Building general libraries in: /opt/RepeatMasker/Libraries/CONS-Dfam_3.2/general
Building species libraries in: /opt/RepeatMasker/Libraries/CONS-Dfam_3.2/homo_sapiens

analyzing file Agyrium_rufum_sorted.fas
FastaDB::_getFastaRecords: Error could not interpret fasta line correctly ( TGGAACGGCAACGAGATGGATGGCAACAGGTGTCTGAACGGTC )! Check data before proceeding!
FastaDB::_getFastaRecords: Error could not interpret fasta line correctly ( TGGAACGGCAACGAGATGGATGGCAACAGGTGTCTGAACGGTC )! Check data before proceeding!
FastaDB::_getFastaRecords: Error could not interpret fasta line correctly ( TGGAACGGCAACGAGATGGATGGCAACAGGTGTCTGAACGGTC )! Check data before proceeding!
FastaDB::_getFastaRecords: Error could not interpret fasta line correctly ( TGGAACGGCAACGAGATGGATGGCAACAGGTGTCTGAACGGTC )! Check data before proceeding!
FastaDB::_getFastaRecords: Error could not interpret fasta line correctly ( TGGAACGGCAACGAGATGGATGGCAACAGGTGTCTGAACGGTC )! Check data before proceeding!
FastaDB::_getFastaRecords: Error could not interpret fasta line correctly ( TGGAACGGCAACGAGATGGATGGCAACAGGTGTCTGAACGGTC )! Check data before proceeding!

Checking for E. coli insertion elements
identifying Simple Repeats in batch 1 of 5
identifying full-length ALUs in batch 1 of 5
identifying full-length interspersed repeats in batch 1 of 5
identifying remaining ALUs in batch 1 of 5
identifying most interspersed repeats in batch 1 of 5
identifying long interspersed repeats in batch 1 of 5
identifying ancient repeats in batch 1 of 5
identifying retrovirus-like sequences in batch 1 of 5
identifying Simple Repeats in batch 1 of 5
FastaDB::_getFastaRecords: Error could not interpret fasta line correctly ( TGGAACGGCAACGAGATGGATGGCAACAGGTGTCTGAACGGTC )! Check data before proceeding!
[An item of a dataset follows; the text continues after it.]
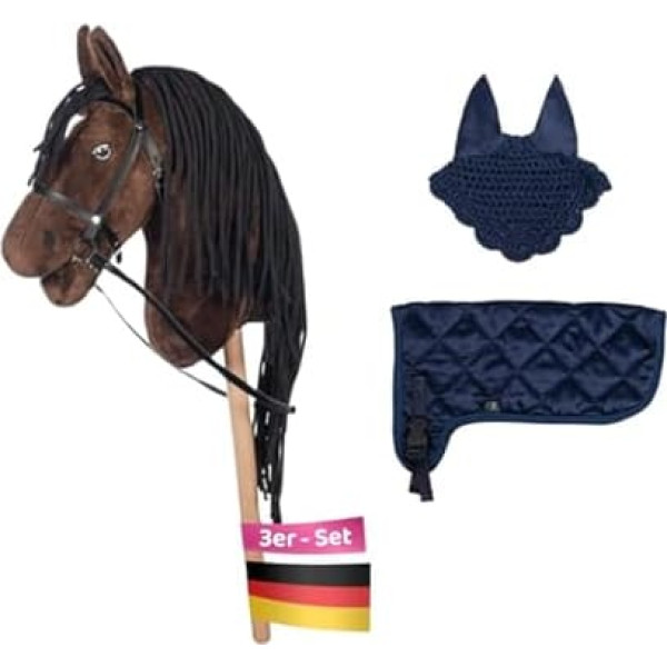 Komplettes Set mit HKM Hobby Horse, passender Fliegenhaube und abgestimmter Decke für ein einheitliches Outfit Kinderfreundlich und leicht mit circa 650 g Gewicht und Holzstange von circa 40 cm ideal für kleine Reiterhände Hochwertige Materialien mit robustem Polyesterkopf, Trense aus Polyurethan und pflegeleichter Fliegenhaube waschbar bei 30 Grad Sicherer Sitz beim Spielen durch Decke mit Gurt und Schnalle sowie Fliegenhaube mit Klettverschluss kombinierbar mit Trense oder Halfter Geprüfte Spielzeugsicherheit nach europäischen Richtlinien nicht geeignet für Kinder unter drei Jahren wegen Kleinteilen und langer Schnur › See more product details; Product description Product description Dieses Set besteht aus einem HKM Hobby Horse, einer passenden Fliegenhaube und einer Decke für das Steckenpferd. Damit erhältst du ein komplettes Zubehör Paket für realistische Reiterspiele und kreatives Hobby Horsing. Das Hobby Horse ist leicht, robust und speziell für Kinderhände gemacht. Der Kopf besteht aus widerstandsfähigem Polyester, die Trense aus Polyurethan und die Holzstange sorgt für sicheren Halt beim Spielen. Die Trense ist unterhalb der Ohren angenäht und kann bei Bedarf vorsichtig mit einer Schere entfernt werden. Die Fliegenhaube wird über die Ohren des Steckenpferdes gezogen und mit Klettverschluss fixiert. Sie sitzt sicher, ist dekorativ und kann mit Trense oder Halfter kombiniert werden. Die Haube ist waschbar bei 30 Grad und gut für den regelmäßigen Einsatz im Kinderzimmer geeignet. Die Hobby Horse Decke wird um den Hals gelegt, auf den Rücken gelegt und mit Schnalle und Gurt geschlossen. Dadurch sitzt sie sicher beim Spielen und verrutscht nicht. Safety Warning Nicht für Kinder unter 36 Monaten geeignet, Erstickungsgefahr durch Kleinteile, Strangulationsgefahr durch lange Schnur. Von offenem Feuer und Wärmequellen fernhalten.; Product description Product description Dieses Set besteht aus einem HKM Hobby Horse, einer passenden Fliegenhaube und einer Decke für das Steckenpferd. Damit erhältst du ein komplettes Zubehör Paket für realistische Reiterspiele und kreatives Hobby Horsing. Das Hobby Horse ist leicht, robust und speziell für Kinderhände gemacht. Der Kopf besteht aus widerstandsfähigem Polyester, die Trense aus Polyurethan und die Holzstange sorgt für sicheren Halt beim Spielen. Die Trense ist unterhalb der Ohren angenäht und kann bei Bedarf vorsichtig mit einer Schere entfernt werden. Die Fliegenhaube wird über die Ohren des Steckenpferdes gezogen und mit Klettverschluss fixiert. Sie sitzt sicher, ist dekorativ und kann mit Trense oder Halfter kombiniert werden. Die Haube ist waschbar bei 30 Grad und gut für den regelmäßigen Einsatz im Kinderzimmer geeignet. Die Hobby Horse Decke wird um den Hals gelegt, auf den Rücken gelegt und mit Schnalle und Gurt geschlossen. Dadurch sitzt sie sicher beim Spielen und verrutscht nicht. Safety Warning Nicht für Kinder unter 36 Monaten geeignet, Erstickungsgefahr durch Kleinteile, Strangulationsgefahr durch lange Schnur. Von offenem Feuer und Wärmequellen fernhalten.; Product description Dieses Set besteht aus einem HKM Hobby Horse, einer passenden Fliegenhaube und einer Decke für das Steckenpferd. Damit erhältst du ein komplettes Zubehör Paket für realistische Reiterspiele und kreatives Hobby Horsing. Das Hobby Horse ist leicht, robust und speziell für Kinderhände gemacht. Der Kopf besteht aus widerstandsfähigem Polyester, die Trense aus Polyurethan und die Holzstange sorgt für sicheren Halt beim Spielen. Die Trense ist unterhalb der Ohren angenäht und kann bei Bedarf vorsichtig mit einer Schere entfernt werden. Die Fliegenhaube wird über die Ohren des Steckenpferdes gezogen und mit Klettverschluss fixiert. Sie sitzt sicher, ist dekorativ und kann mit Trense oder Halfter kombiniert werden. Die Haube ist waschbar bei 30 Grad und gut für den regelmäßigen Einsatz im Kinderzimmer geeignet. Die Hobby Horse Decke wird um den Hals gelegt, auf den Rücken gelegt und mit Schnalle und Gurt geschlossen. Dadurch sitzt sie sicher beim Spielen und verrutscht nicht. Safety Warning Nicht für Kinder unter 36 Monaten geeignet, Erstickungsgefahr durch Kleinteile, Strangulationsgefahr durch lange Schnur. Von offenem Feuer und Wärmequellen fernhalten.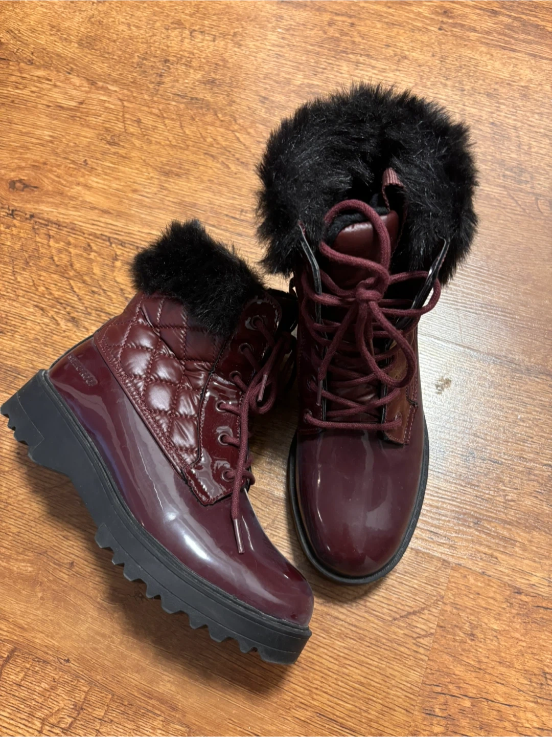 These burgundy ankle boots are super stylish! They feature a cool quilted design and a faux fur trim for extra warmth and flair.

Checking for E. coli insertion elements
WARNING: The search engine returned an error (3, status = 3 )
Engine parameters: /opt/rmblast/bin/rmblastn  -num_alignments 9999999 -db /opt/RepeatMasker/Libraries/CONS-Dfam_3.2/general/is.lib -query /data/RM_11.FriNov60803462020/Agyrium_rufum_sorted.fas_batch-2.masked -gapopen 12 -gapextend 2 -complexity_adjust  -word_size 15 -xdrop_ungap 34 -xdrop_gap_final 17 -xdrop_gap 8  -min_raw_gapped_score 17 -dust no  -num_threads 4  -matrix identity.matrix
A search phase could not complete on this batch.
The batch file will be re-run and if possible the
program will resume.
WARNING: Retrying batch ( 2 ) [ 255,, 18]...
FastaDB::_getFastaRecords: Error could not interpret fasta line correctly ( TGGAACGGCAACGAGATGGATGGCAACAGGTGTCTGAACGGTC )! Check data before proceeding!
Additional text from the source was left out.